5. En deuxième lieu, aux termes de l'article L. 61 du livre des procédures fiscales figurant en section IV " Procédures de rectification ", chapitre 1 " Procédure de redressement contradictoire " de ce livre : " Après l'établissement du rôle ou l'émission de l'avis de mise en recouvrement, le contribuable conserve le droit de présenter une réclamation conformément à l'article L. 190. ". Aux termes de l'article L. 253 du même livre : " Un avis d'imposition est adressé sous pli fermé à tout contribuable inscrit au rôle des impôts directs ou, pour les redevables de l'impôt de solidarité sur la fortune relevant des dispositions du 2 du I de l'article 885 W du code général des impôts, au rôle de cet impôt, dans les conditions prévues aux articles 1658 à 1659 A du même code. / L'avis d'imposition mentionne le total par nature d'impôt des sommes à acquitter, les conditions d'exigibilité, la date de mise en recouvrement et la date limite de paiement (...) ". En vertu du premier alinéa de l'article L. 256 du même livre : " Un avis de mise en recouvrement est adressé par le comptable public compétent à tout redevable des sommes, droits, taxes et redevances de toute nature dont le recouvrement lui incombe lorsque le paiement n'a pas été effectué à la date d'exigibilité ". Enfin aux termes de l'article 1658 du code général des impôts, dans sa version alors applicable : " Les impôts directs et les taxes y assimilées sont recouvrés en vertu de rôles rendus exécutoires par arrêté du préfet ou d'avis de mise en recouvrement. / Pour l'application de la procédure de recouvrement par voie de rôle prévue au premier alinéa, le représentant de l'Etat dans le département peut déléguer ses pouvoirs aux agents de catégorie A placés sous l'autorité des directeurs départementaux des finances publiques ou des responsables de services à compétence nationale, détenant au moins un grade fixé par décret en Conseil d'Etat.
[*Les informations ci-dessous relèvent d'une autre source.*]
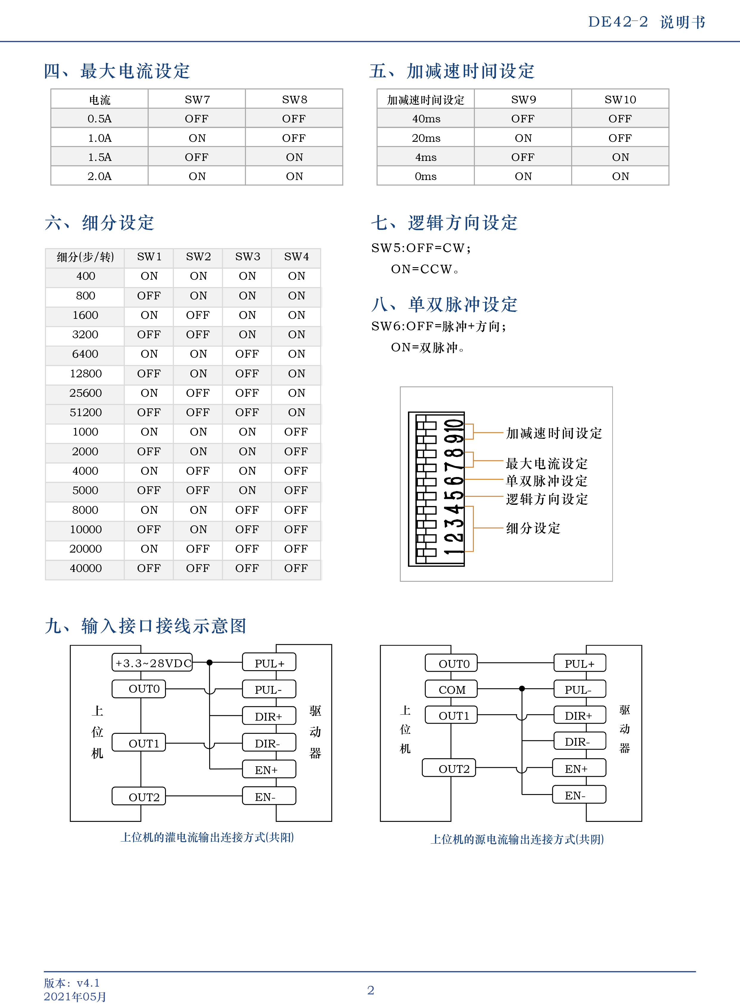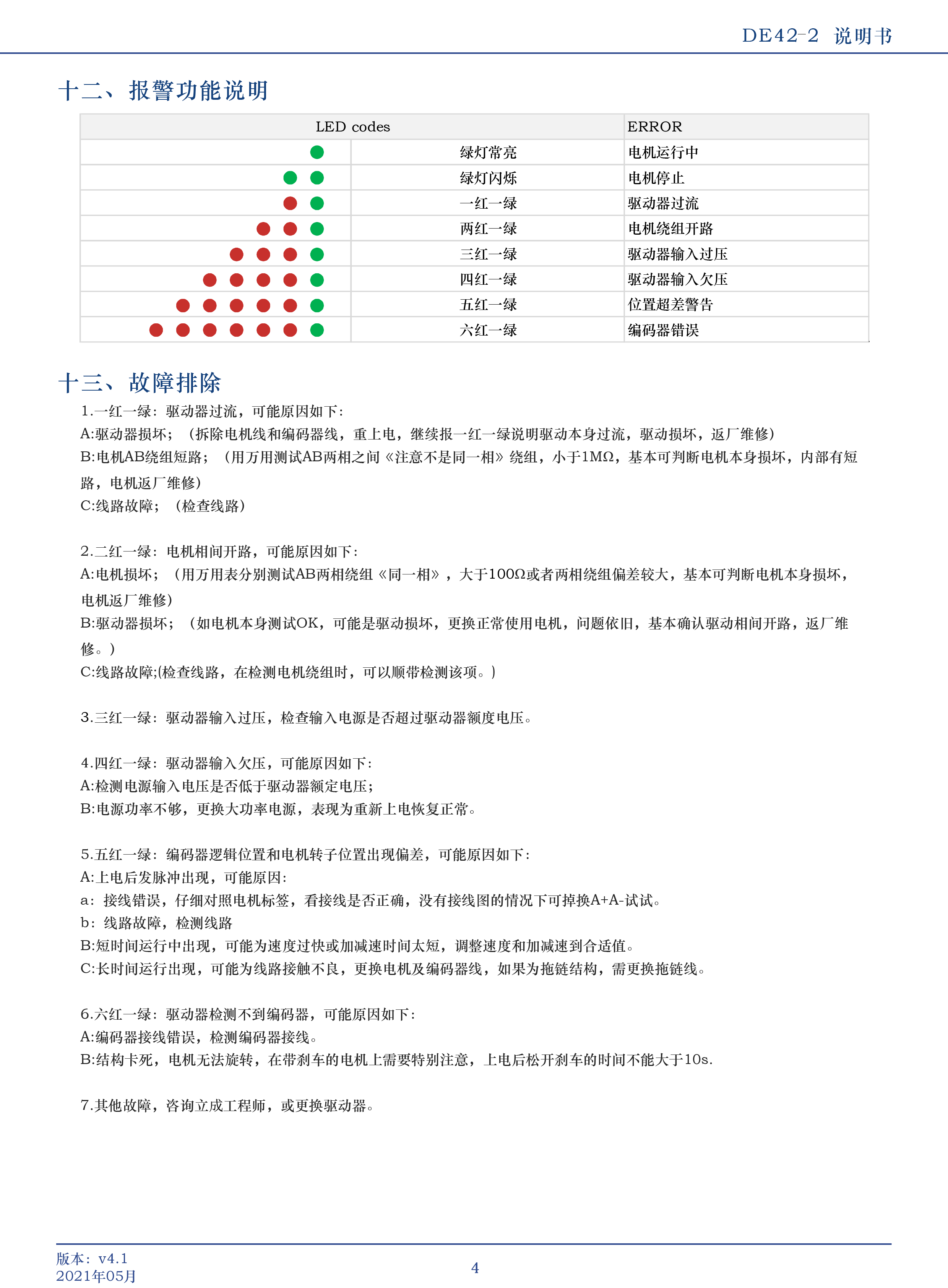 DE42-2 是公司潛心研制的基于新一代基于32位DSP技術(shù)的高性能兩相數(shù)字式步進驅(qū)動器,驅(qū)動電壓DC18V-60V適配電流 2.0A以下,外徑42以下各種型號兩相混合式1000線閉環(huán)電機。驅(qū)動器采樣類似伺服的控制原理,獨特的電路設(shè)計,優(yōu)越的軟件算法處理,使電機即使在低細分下也能運行平穩(wěn),幾乎沒有振動和噪音,平滑、精確地電流控制技術(shù)大大減少了電機發(fā)熱,外置16檔等角度恒力矩細分,最高可調(diào)細分51200脈沖/轉(zhuǎn),光耦隔離差分信號輸入,抗干擾能力強,具有過壓、欠壓、過流保護等出錯保護功能。在3C、LED貼片等中、高速應(yīng)用領(lǐng)域,其平穩(wěn)性、振動、噪聲性能優(yōu)勢明顯,可大大提高設(shè)備性能。

La publicité de ces délégations est assurée par la publication des arrêtés de délégation au recueil des actes administratifs de la préfecture. ".
6. Si l'article 55 de la loi du 29 décembre 2010 portant loi de finances rectificative pour 2010 a complété l'article 1658 du code général des impôts en y ajoutant le membre de phrase " ou d'avis de mise en recouvrement ", il ne résulte pas de ces dispositions, éclairées par les travaux parlementaires et qui doivent être combinées avec les dispositions précitées de l'article L. 61 du livre des procédures fiscales, que le législateur aurait ainsi entendu faire obligation à l'administration, à peine d'irrégularité, d'émettre un avis de mise en recouvrement lorsqu'elle souhaite établir et recouvrer des impositions supplémentaires en matière d'impôt sur le revenu. La circonstance que l'imposition supplémentaire soit consécutive à la vérification de comptabilité de la SEP KJD 59 réalisée en Guadeloupe et le fait que la proposition de rectification adressée à M. C... provienne de la direction départementale des finances publiques de Guadeloupe n'implique pas davantage d'obligation pour l'administration de procéder par avis de mise en recouvrement et non par voie de rôle.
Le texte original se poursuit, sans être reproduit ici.